Basic Principles of Lung Ultrasonography
Air is the enemy of the ultrasonographer. There is a large difference in the acoustic impedance and velocity of ultrasound between tissue and air. This leads to complete reflection of the ultrasound wave at the first air–tissue interface. When combined with the unfavorable attenuation coefficient of air, this leads to a pattern of repeating horizontal lines consistent with a reverberation artifact or a homogeneous amorphic grayness that occupies the ultrasound screen deep to the tissue–air interface. This frustrates any attempt to scan through air to deeper body structures.

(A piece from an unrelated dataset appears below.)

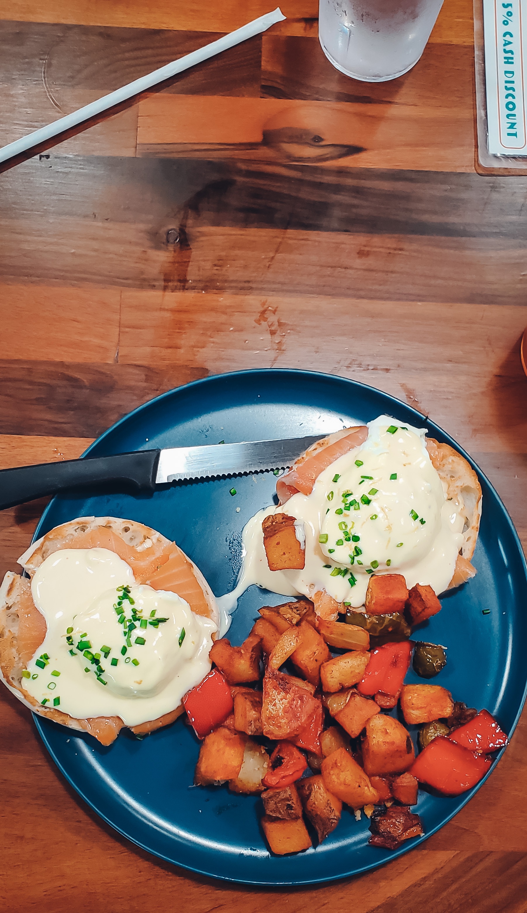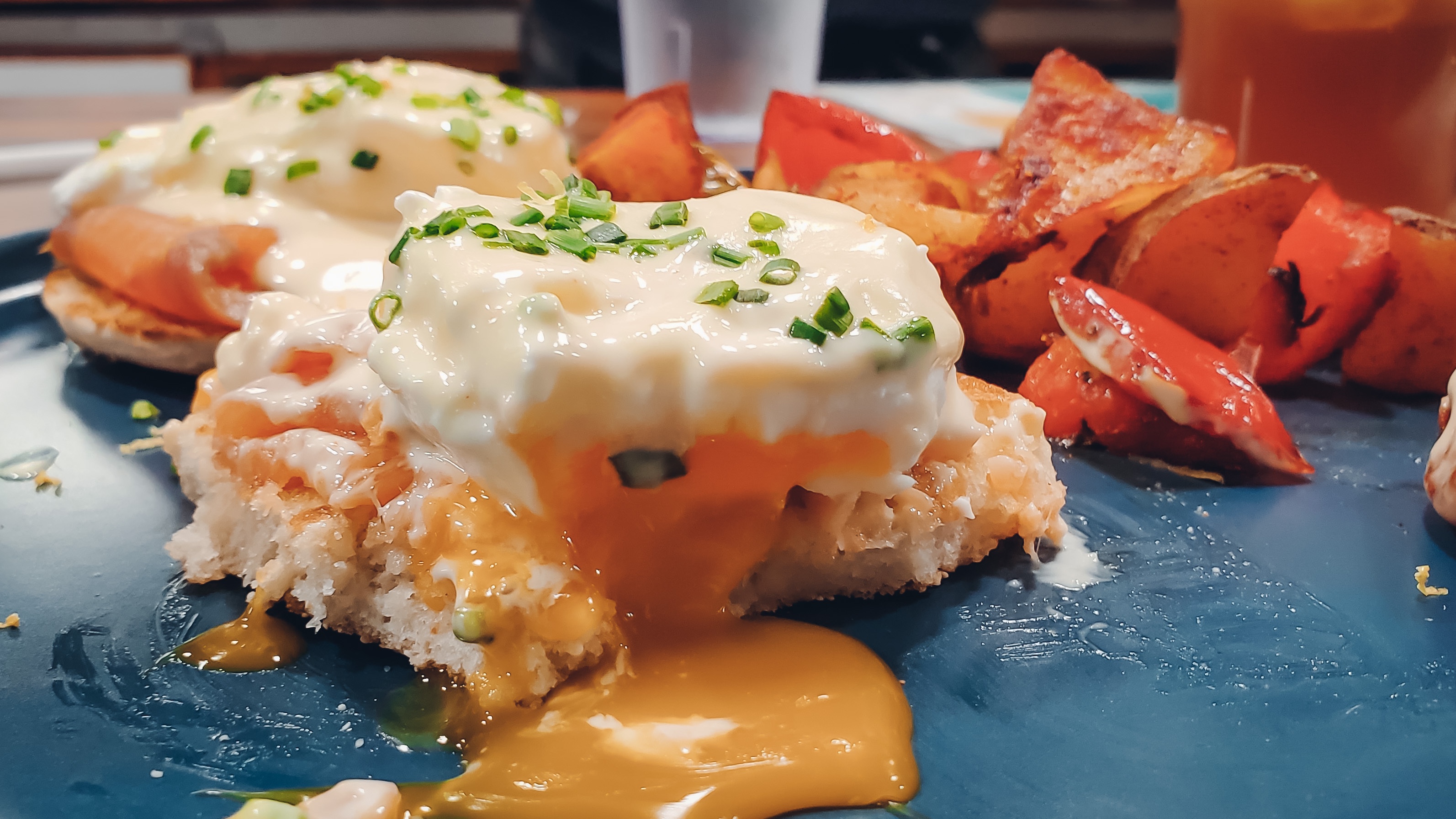 So I doubled down. I ordered the smoked salmon benedict that comes garnished with lemon zest and a matching-ly tangy hollandaise. That sauce will bring me back on its own. A couple things I loved about this dish besides the memorable hollandaise with a bite: the lemon zest wasn’t some measly breath of possibility of lemon peel, but was legit, visible shreds of the stuff, and it was appreciated. The eggs’ yolks were a beautiful dark marigold, and the whites weren’t runny at all. Readers, is it just me, or is it hard to find poached eggs with whites that don’t go full snot river when you open them? Salt and Pepper’s chefs did it just right with a yolk that holds itself steady for a brief moment upon gentle removal of the actually cooked white. And thank you for bringing me a steak knife with the plate. Anybody who eats eggs benedict enough to write about it knows that English muffins have some teeth to them, so my knife needs teeth too, or else I’ve signed up for a frustrating wrestling match with a butter knife. (There are a couple other breakfast spots in town that need to get this memo).

The alveolar lung parenchyma is normally filled with air; so well-aerated lung is not visible as a discreet structural entity with ultrasonography, as the ultrasound waves are blocked and reflected by air. When a disease process reduces the amount of air within the lung, ultrasound findings change in a predictable fashion. Atelectatic lung is airless so it appears as a discrete structure with tissue echogenicity. Likewise, lung that is consolidated from pneumonia appears as a well-defined hyperechoic structure. Lung that is edematous, though still aerated, has ultrasonographic findings that are different from normally aerated lung. One of the limitations of lung ultrasonography is that abnormalities that do not involve the pleural surface cannot be visualized, such as focal lesions surrounded by aerated lung. Fortunately, most lung processes that are of interest to the intensivist (e.g., pneumonia, hydrostatic pulmonary edema, lesional edema) extend to the periphery of the lung.

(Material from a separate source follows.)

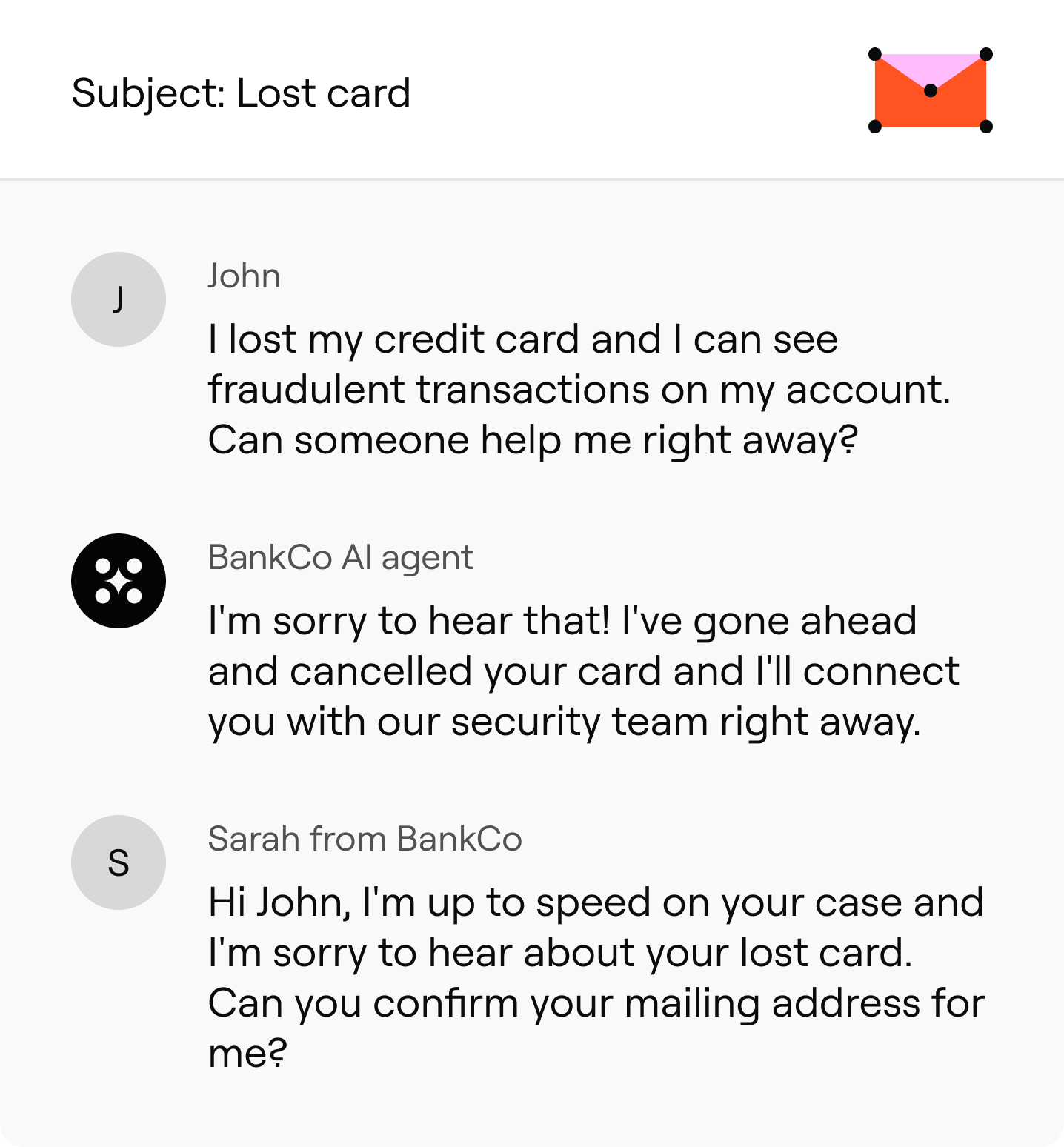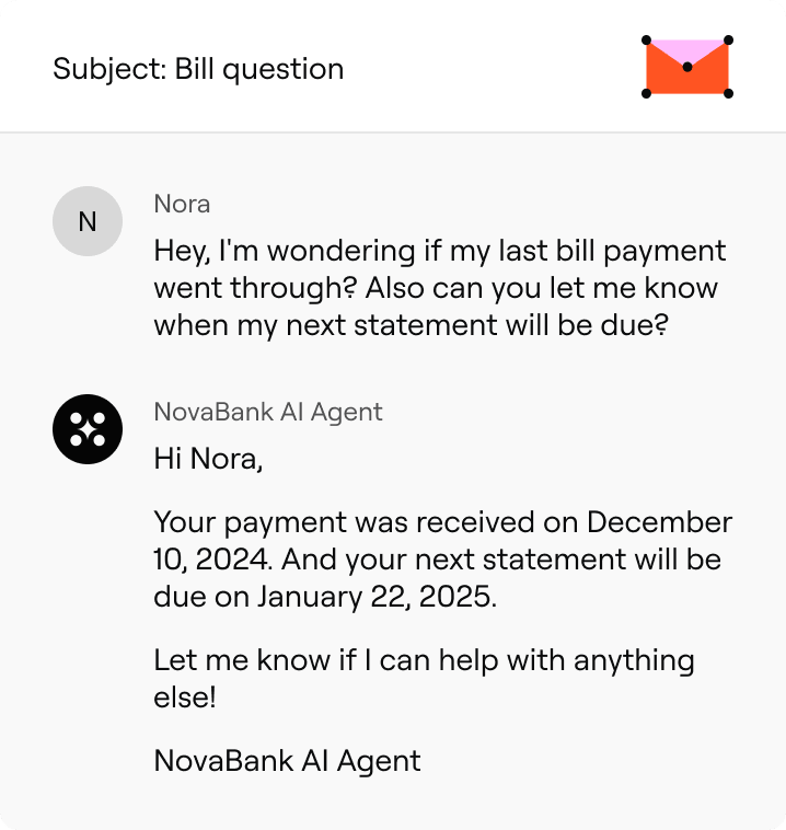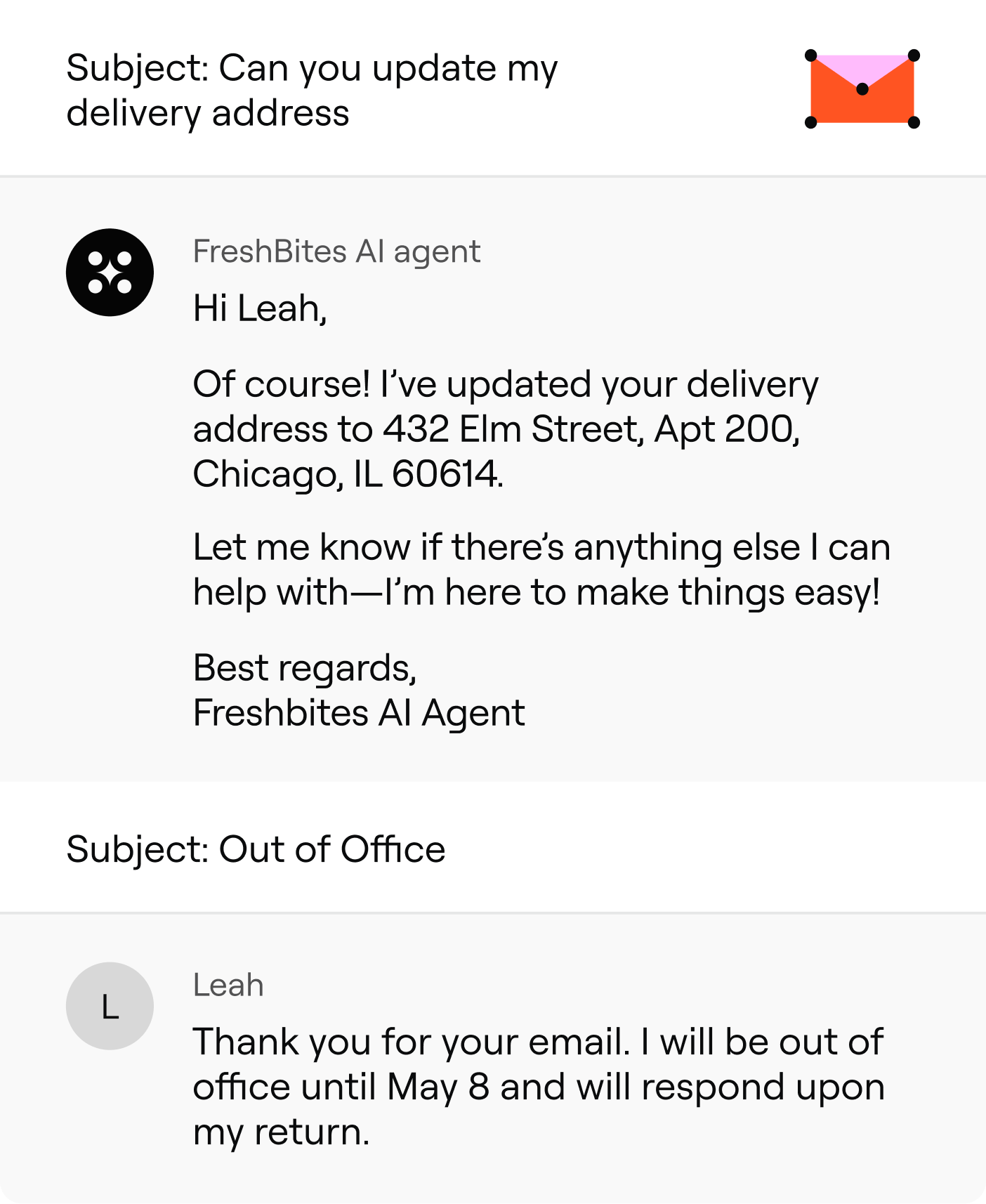 Customers rarely ask just one thing. Your AI agent understands and resolves multiple questions in a single email, reducing back-and-forth and speeding up resolution.

Lung ultrasonography may be performed with a wide variety of ultrasound machines with two-dimensional (2D) scanning capability. It was fully described using a machine manufactured in 1990. A 3.5–5.0 MHz transducer of convex sector design works well. Vascular transducers of higher frequency may also yield serviceable images, although the examination may be limited by a lack of penetration in the larger patient. A microconvex transducer has the advantage that it fits well between rib interspaces. As lung ultrasonography will generally be performed in the context of a whole body approach, many groups use a phased array cardiac transducer for general ...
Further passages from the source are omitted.